The jurisdiction of federal courts is derived from article III of the United States Constitution. Section 1 of article III provides that "[t]he judicial Power of the United States, shall be vested in one Supreme Court, and in such inferior Courts as the Congress may from time to time ordain and establish." 20 Section 2 of article III provides a listing of "Cases" and "Controversies" over which "[t]he judicial power shall extend. . . ." 21
A. General Principle.
Federal courts are courts of limited jurisdiction, possessing only those powers conferred by the Constitution or by statute, and this power "is not to be expanded by judicial decree." 22
B. Obligation to Investigate Jurisdiction.
Federal courts, therefore, have an "independent obligation" to investigate the limits of their subject matter jurisdiction, even when either or both parties have elected not to raise or press the issue. 23
C. "Arising Under."
Within the jurisdiction granted to the federal courts by article III, section 2, are the "Cases" and "Controversies" that arise under the Constitution, laws of the United States, and federal treaties. 24
D. Justiciable "Cases" or "Controversies."

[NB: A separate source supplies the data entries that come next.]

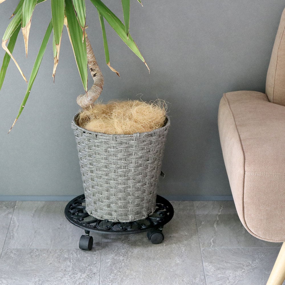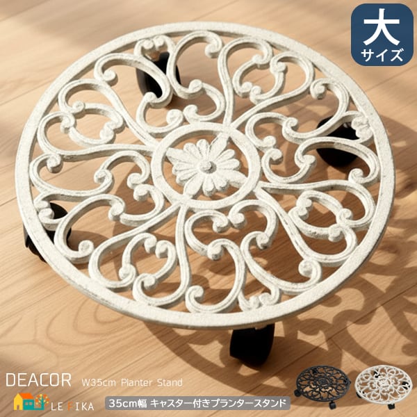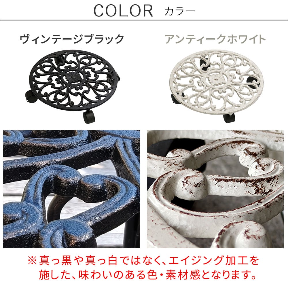 アンティーク調の模様と、エイジング塗装が美しい置いておくだけでも存在感のある35cm幅のキャスター付き丸型プランタースタンド(大サイズ)1台単品です。
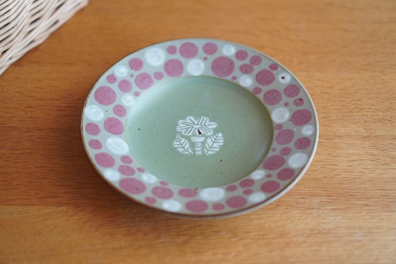 砥部焼/5.5寸縁付皿/赤縁水玉花/皐月窯
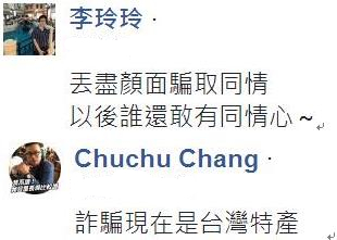 發文的這名網友表示“真的很丟臺灣人的臉!”,呼吁其他去大陸旅游的民眾要多注意,千萬別再受騙上當。也有許多臺灣人表示“詐騙現在是臺灣特產”“丟盡顏面騙取同情,以后誰還敢有同情心”。
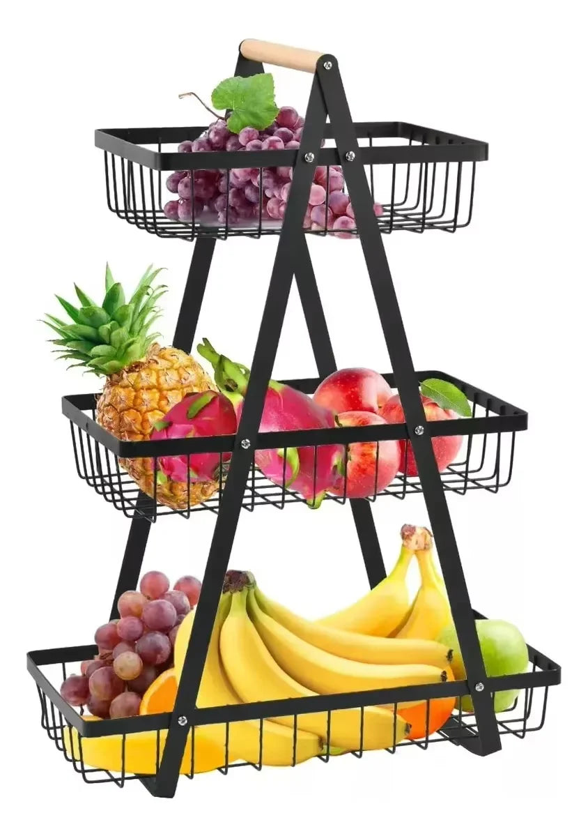 Design Prático e Moderno: Com 3 andares espaçosos, permite organizar diferentes tipos de frutas e legumes, mantendo tudo visível e ao alcance das mãos.
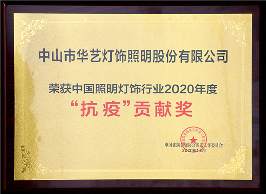 滄海橫流,方顯英雄本色!本屆評選除常規(guī)獎項外,為表彰2020年中積極投身“抗疫”事業(yè)的企業(yè),評委會特設(shè)“中國照明燈飾行業(yè)2020年度‘抗疫’貢獻(xiàn)獎”。其中,彰顯一片赤誠之心的華藝照明榮獲該特殊榮譽(yù)。
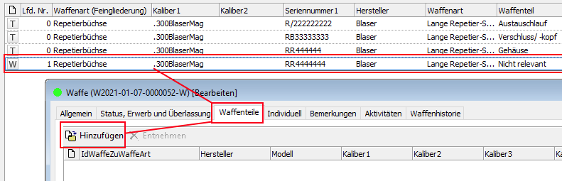 https://www.bka.de/SharedDocs/Downloads/DE/UnsereAufgaben/Aufgabenbereiche/Waffen/leitfadenWaffenteile.html - Im Feld "Seriennummer 2-4" sollten die Seriennummern der weiteren Waffenteile hinterlegt werden, damit diese später in die Waffenbesitzkarte eingedruckt werden können.
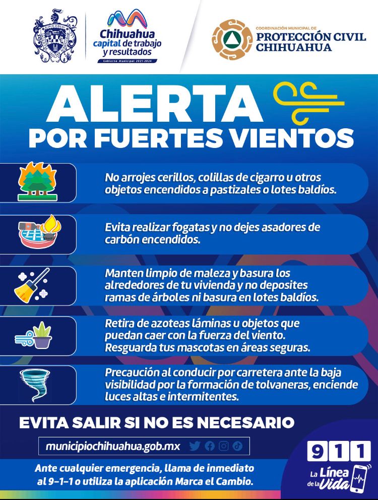 DE LA REDACCIÓNChihuahua. Chih.- La Coordinación Municipal de Protección Civil, reitera la alerta que se tiene por fuertes vientos para este martes 4 de abril, ya que se prevén ráfagas de viento de hasta 75 kilómetros por hora, por lo que se pide atender las recomendaciones que emiten las autoridades para evitar incidentes.

"Article III of the Constitution limits federal court jurisdiction to "Cases" and "Controversies." Those two words confine the business of federal courts to questions presented in an adversary context and in a form historically viewed as capable of resolution through the judicial process." 25 The term "justiciability" refers to those cases that are truly adversarial and capable of resolution through the judicial process without intruding upon functions that the Constitution has committed to other branches of government. 26 The doctrines of standing, mootness, ripeness, and political question "all originate in Article III's 'case' or 'controversy' language . . . ." 27
2.202 Congressional Power over Creation and Jurisdiction of Courts.

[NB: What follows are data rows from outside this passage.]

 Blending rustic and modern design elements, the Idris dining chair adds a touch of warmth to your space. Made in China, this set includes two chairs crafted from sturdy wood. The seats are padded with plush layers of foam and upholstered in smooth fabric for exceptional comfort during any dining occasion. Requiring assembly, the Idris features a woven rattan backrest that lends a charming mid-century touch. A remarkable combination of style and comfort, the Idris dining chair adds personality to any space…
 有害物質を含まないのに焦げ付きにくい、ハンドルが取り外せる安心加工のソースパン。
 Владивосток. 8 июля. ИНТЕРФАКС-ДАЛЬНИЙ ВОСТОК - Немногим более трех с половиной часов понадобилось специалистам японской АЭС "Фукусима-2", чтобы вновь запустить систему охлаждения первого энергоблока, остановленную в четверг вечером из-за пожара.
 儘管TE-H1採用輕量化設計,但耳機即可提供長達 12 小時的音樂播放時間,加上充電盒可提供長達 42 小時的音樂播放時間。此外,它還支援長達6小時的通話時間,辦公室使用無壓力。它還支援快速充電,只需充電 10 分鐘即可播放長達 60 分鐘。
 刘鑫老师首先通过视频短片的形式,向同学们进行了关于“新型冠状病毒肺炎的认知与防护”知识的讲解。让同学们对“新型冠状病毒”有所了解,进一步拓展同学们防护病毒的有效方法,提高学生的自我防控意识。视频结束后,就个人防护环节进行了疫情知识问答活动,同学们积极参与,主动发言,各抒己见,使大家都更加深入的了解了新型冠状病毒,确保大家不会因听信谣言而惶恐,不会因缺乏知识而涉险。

Congress was not required to create inferior article III courts to hear or decide cases; nor was it required to invest them with all of the jurisdiction that it was authorized to bestow under article III. 28 Consequently, although the parameters of judicial power with which federal courts may be invested, and the exercise of that power, is limited by article III, the creation of district courts, including the very nature of their jurisdiction, is determined by Congress.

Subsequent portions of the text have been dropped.